### Exercise brief:
Could you copy exactly the lines from the one containing "Set of three" through the last line of the records below, leaving out any pictures?

### Dataset entries:
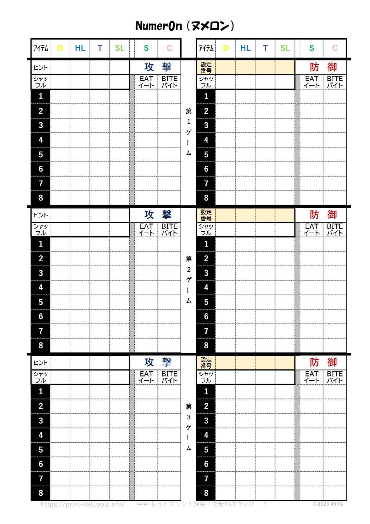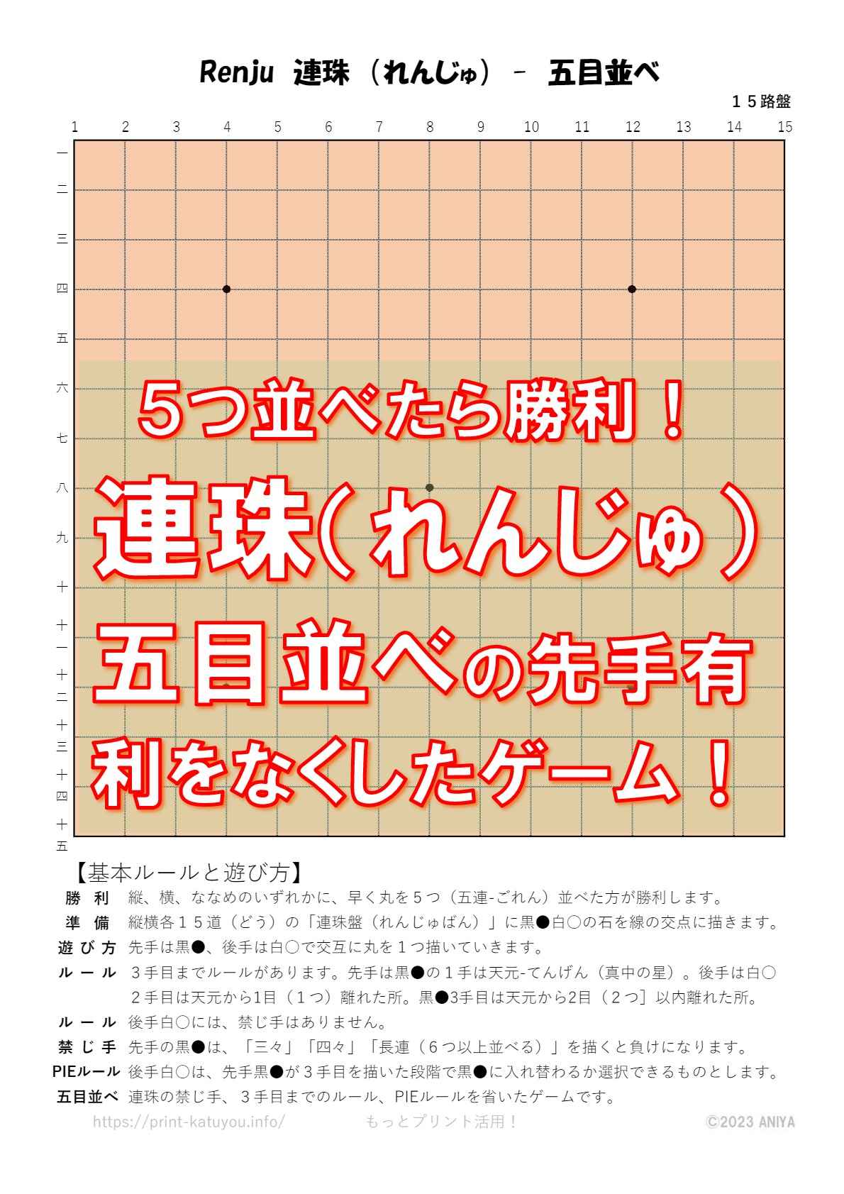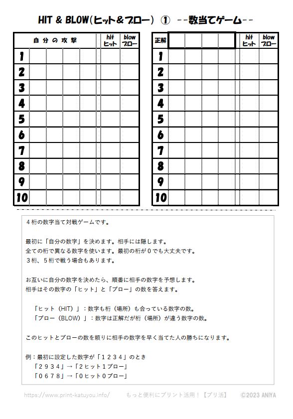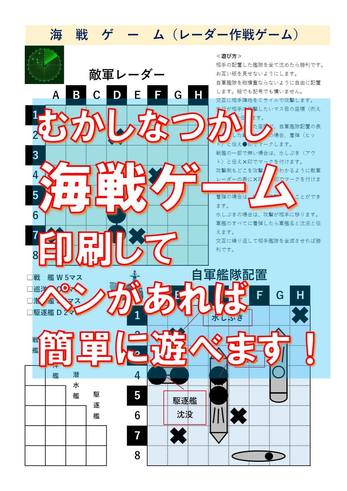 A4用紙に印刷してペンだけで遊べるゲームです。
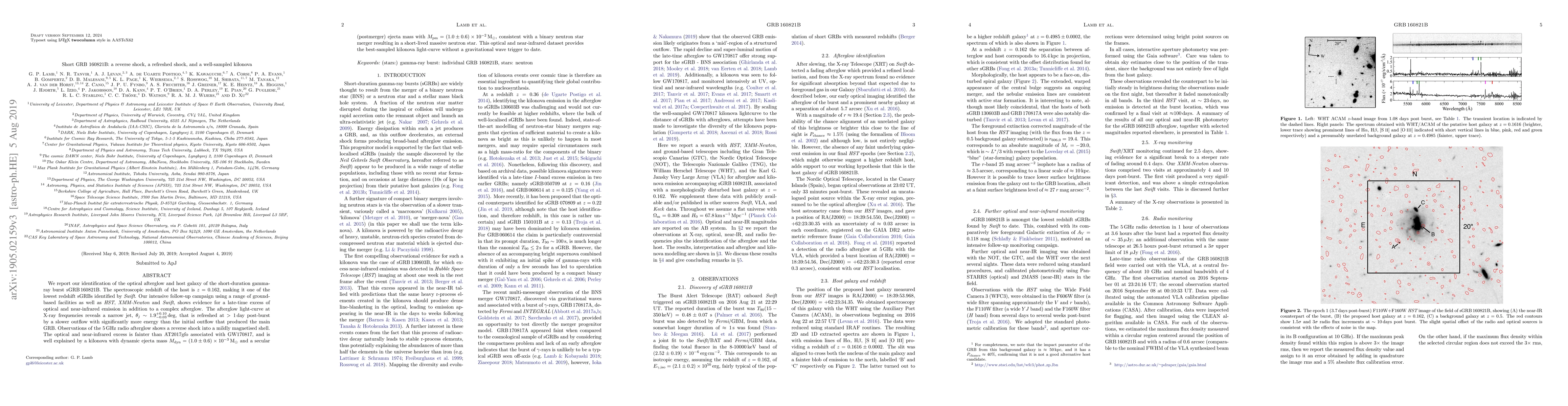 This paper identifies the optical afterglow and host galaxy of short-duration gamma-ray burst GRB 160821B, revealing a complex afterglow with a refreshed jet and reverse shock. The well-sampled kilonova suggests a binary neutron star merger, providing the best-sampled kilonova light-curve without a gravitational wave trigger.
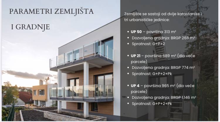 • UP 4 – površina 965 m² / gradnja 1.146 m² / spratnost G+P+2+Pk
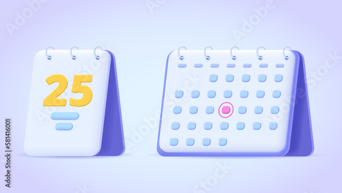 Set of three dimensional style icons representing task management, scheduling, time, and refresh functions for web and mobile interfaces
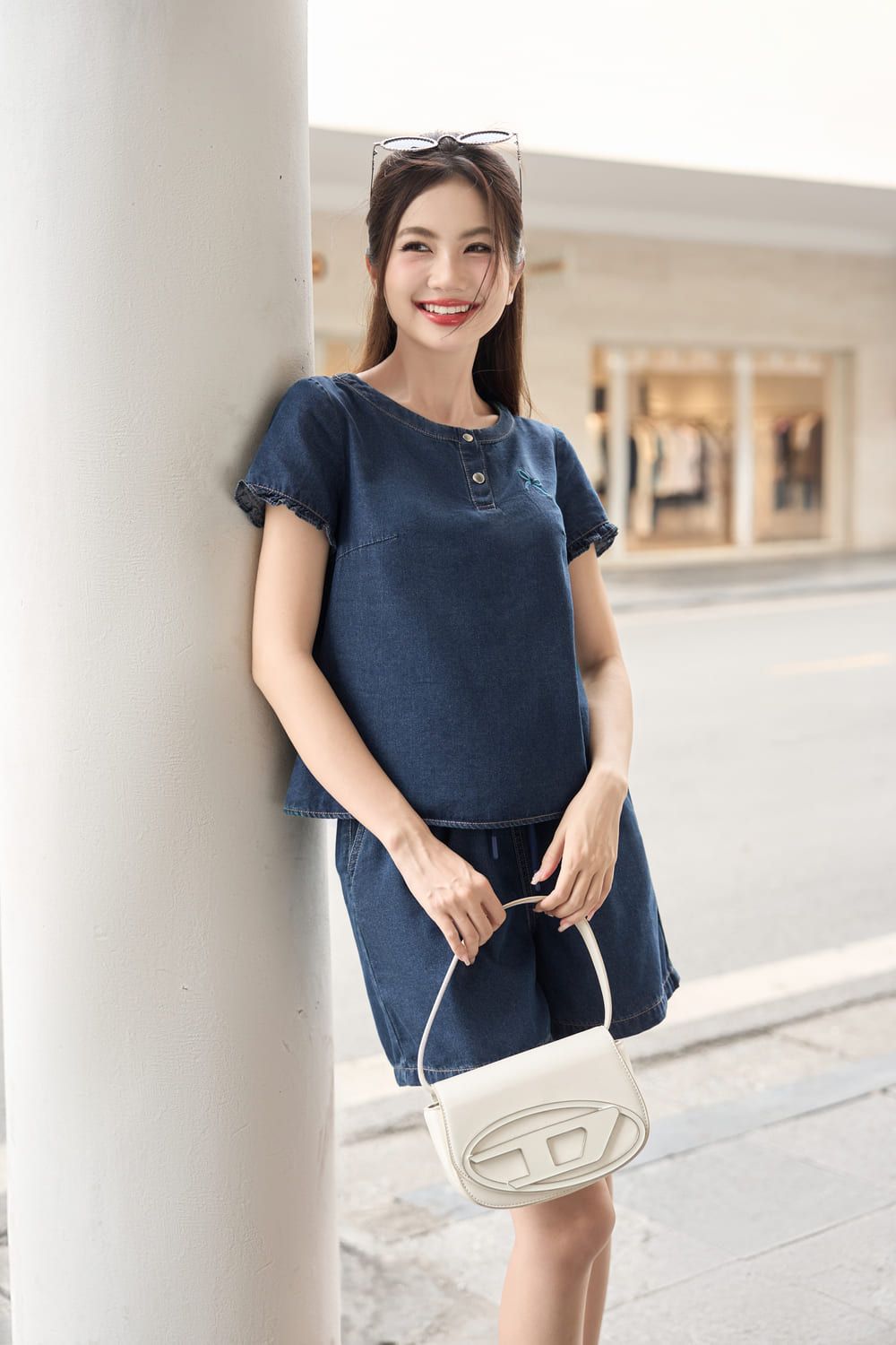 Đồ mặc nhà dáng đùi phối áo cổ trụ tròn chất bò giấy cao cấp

### Solution below:
 Set of three dimensional style icons representing task management, scheduling, time, and refresh functions for web and mobile interfaces
 Đồ mặc nhà dáng đùi phối áo cổ trụ tròn chất bò giấy cao cấp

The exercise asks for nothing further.